● **What the exercise asks**
Each line below from the line with "시민행정신문 이존영 기자" to the line with "- Durable Material: Made" must be copied exactly, including those two, and no picture may appear in the copy.

● **Records shown**
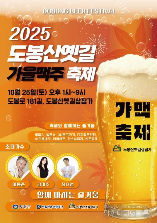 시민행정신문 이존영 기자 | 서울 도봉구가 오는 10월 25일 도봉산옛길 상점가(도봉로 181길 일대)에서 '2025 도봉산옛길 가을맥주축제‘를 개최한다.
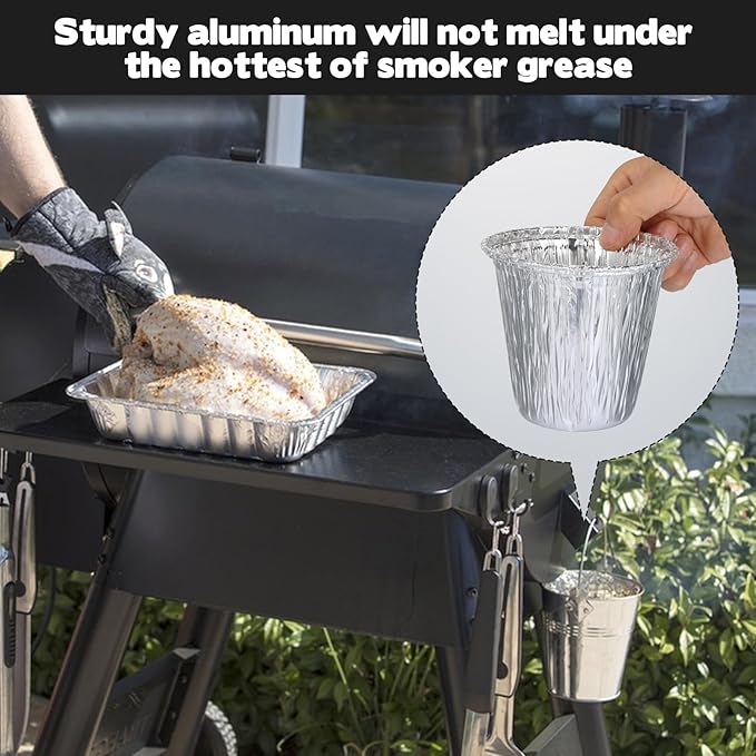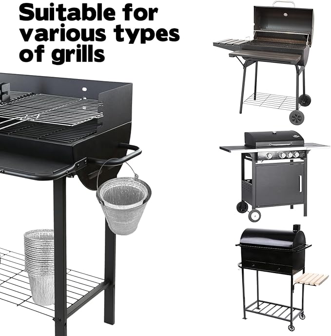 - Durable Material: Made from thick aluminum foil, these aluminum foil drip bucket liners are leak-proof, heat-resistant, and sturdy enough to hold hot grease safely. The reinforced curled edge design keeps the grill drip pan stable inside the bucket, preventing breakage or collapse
* * *
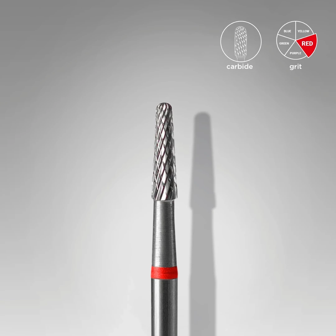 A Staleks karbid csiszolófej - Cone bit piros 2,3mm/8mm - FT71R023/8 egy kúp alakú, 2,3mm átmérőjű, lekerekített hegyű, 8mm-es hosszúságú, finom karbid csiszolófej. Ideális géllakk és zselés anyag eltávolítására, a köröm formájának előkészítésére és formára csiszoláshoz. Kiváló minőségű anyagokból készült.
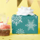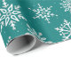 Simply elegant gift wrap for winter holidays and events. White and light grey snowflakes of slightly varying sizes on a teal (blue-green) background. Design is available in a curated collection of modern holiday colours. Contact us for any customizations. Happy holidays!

● **Solution**
 시민행정신문 이존영 기자 | 서울 도봉구가 오는 10월 25일 도봉산옛길 상점가(도봉로 181길 일대)에서 '2025 도봉산옛길 가을맥주축제‘를 개최한다.
 - Durable Material: Made from thick aluminum foil, these aluminum foil drip bucket liners are leak-proof, heat-resistant, and sturdy enough to hold hot grease safely. The reinforced curled edge design keeps the grill drip pan stable inside the bucket, preventing breakage or collapse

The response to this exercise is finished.